IRC log for #evergreen, 2021-11-15

All times shown according to the server's local time.

Time	Nick	Message
01:58		dbs joined #evergreen
06:01	pinesol	News from qatests: Testing Success <http://testing.evergreen-ils.org/~live>
07:26		rjackson_isl_hom joined #evergreen
08:12		collum joined #evergreen
08:13		Dyrcona joined #evergreen
08:23	Dyrcona	Bleh... Sites that stick a floating banner at the top of every page when you try to print....
08:23	Dyrcona	@blame Linked-In for ruining Print to PDF
08:23	pinesol	Dyrcona: Linked-In HAXORED Dyrcona's SERVERZ!!!! for ruining Print to PDF
08:24	Dyrcona	@blame Linked-In for other things
08:24	pinesol	Dyrcona: Linked-In broke Evergreen. for other things
08:26	Dyrcona	Also, this is an interesting read moderately related to Evergreen: https://www.linkedin.com/pulse/why-majority-our-mfa-so-phishable-roger-grimes
08:35		mmorgan joined #evergreen
08:51		rfrasur joined #evergreen
09:22		awitter joined #evergreen
10:54		alynn26 joined #evergreen
11:13		Christineb joined #evergreen
11:40	Bmagic	so, I'm opening the firewall for the SIP server to receive connections, and it gets hammered so hard, it's falling over. It seems that it gets stuck in a loop where SIPServer.pm throws an error about login timeout (Auth takes a few seconds sometimes) - and I think that's causing the external SIP clients to try again and again.

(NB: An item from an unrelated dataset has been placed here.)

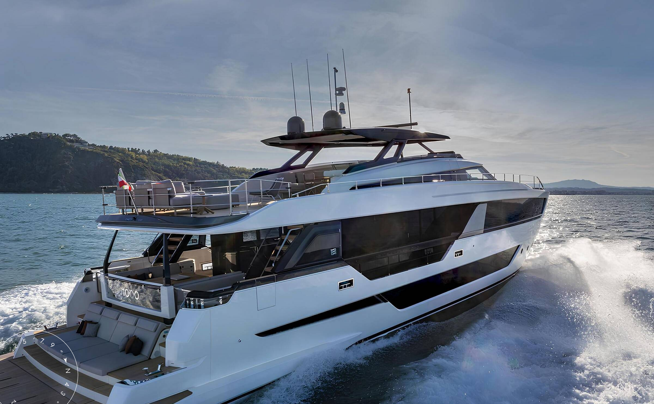
EXTERIOR FERRETTI 1000 2023 MY DANIMA

11:41	Bmagic	Is there a way to make SIPServer.pm wait a little longer on Auth before giving up?
11:46		jihpringle joined #evergreen
12:15	csharp_	Bmagic: in our experience, it's going to be one or two clients out there that hammer the server so you might block by IP until you can see it working
12:21		jvwoolf joined #evergreen
12:27	berick	Bmagic: what's the exact log message?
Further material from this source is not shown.